Current Location: Bedroom like usual
Current Mood: sleepy
Current Music: Major Tom -Don't know the band. =(
 
 
red_rose_lover
30 September 2008 @ 22:35
Ok, as everyone knows I am kindda screwed up right now.  I went to the psychiatrist today and found out that what I thought I had was just the tip of the iceberg.   It turns out that I am Bi Polar and am in need of a Mood Stabalizer Drug, not depressed like I originally thought.  I got my perscription today and will be filling (and starting it) tomorrow.  The psych said that my moods and actions on the anti-depressants reflect just how bi-polar I am.  She said that in my case the anti-depressants will work for 2 months and then stop because they aren't giving me the medication that I need.  Which luckily explains all the fatigue, insomnia, apathy, nausia, etc that I've been dealing with.  On the mood stabilizers I should level out again.

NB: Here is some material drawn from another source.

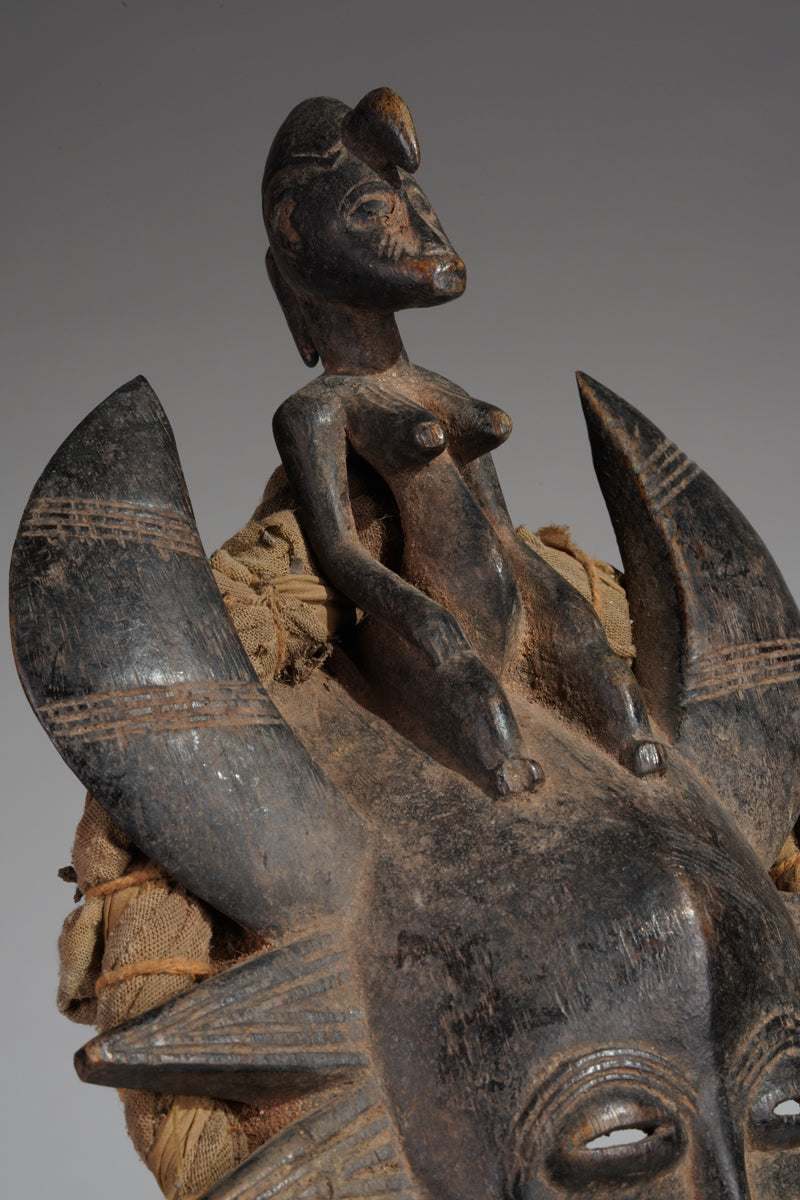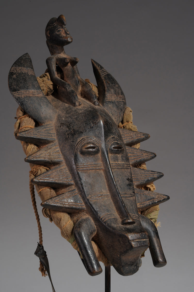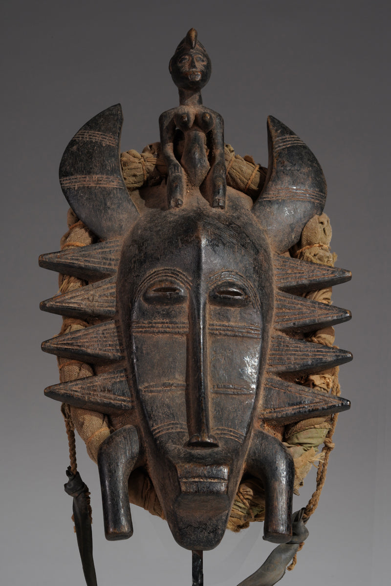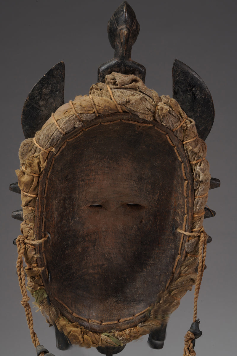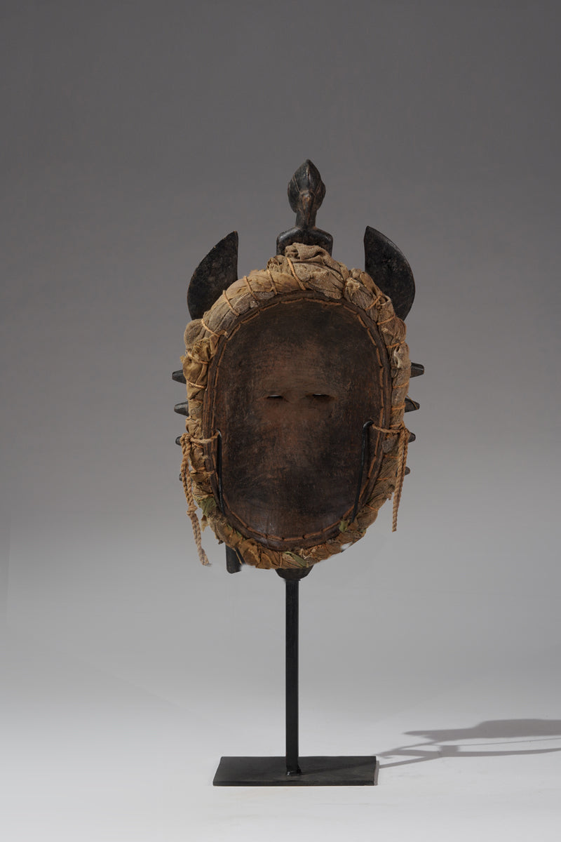 "Throughout the twentieth century, members of poro, a Senufo initiation association, wore small, finely carved face masks as insignia. The masks, known as kpeliye'e, feature delicate oval faces with geometric projections at the sides. Raised and incised scarification patterns ornament their smooth, glossy surfaces. Considered feminine, the masks honor deceased Senufo elders with their grace and beauty. They provide a complement to the aggressive Senufo helmet masks also sponsored by fraternal organizations in the region. The feathers and animal horns attached to this example are unusual, and may have reflected its owner's power to counteract negative forces in the community."

My visits to the therapist have helped a lot too.  Next week we're starting on my self esteem problems.  She said that I have to draw up a self esteem chart. =/  I have no idea what that is.  She said I have to come up with something good about myself that I haven't thought of yet.  When she asked me one good thing about myself, I told her that I have a great personality.  She agreed and said that I was off to a good start.   So, now I need to figure out something else good about myself.  Could be anything.  You guys have any ideas? =P Yeah, didn't think so. *wink*

I've been checking out the bento box community link and really like what I am seeing.  I think I'm gonna buy some stuff on ebay and make them myself.  They look like a lot of fun. ^_^

That's all for now folks! *BIG HUGS*

~Cara
 
 
Current Location: bedroom
Current Mood: cold, like it's freezing
Current Music: oops, forgot to put some on
 
 
red_rose_lover
22 September 2008 @ 19:10
Now Begins a new day.  I have decided to retire my old LJ and start this one.  Not sure if I wanna give it out or not.  May just keep it my own, at least for now.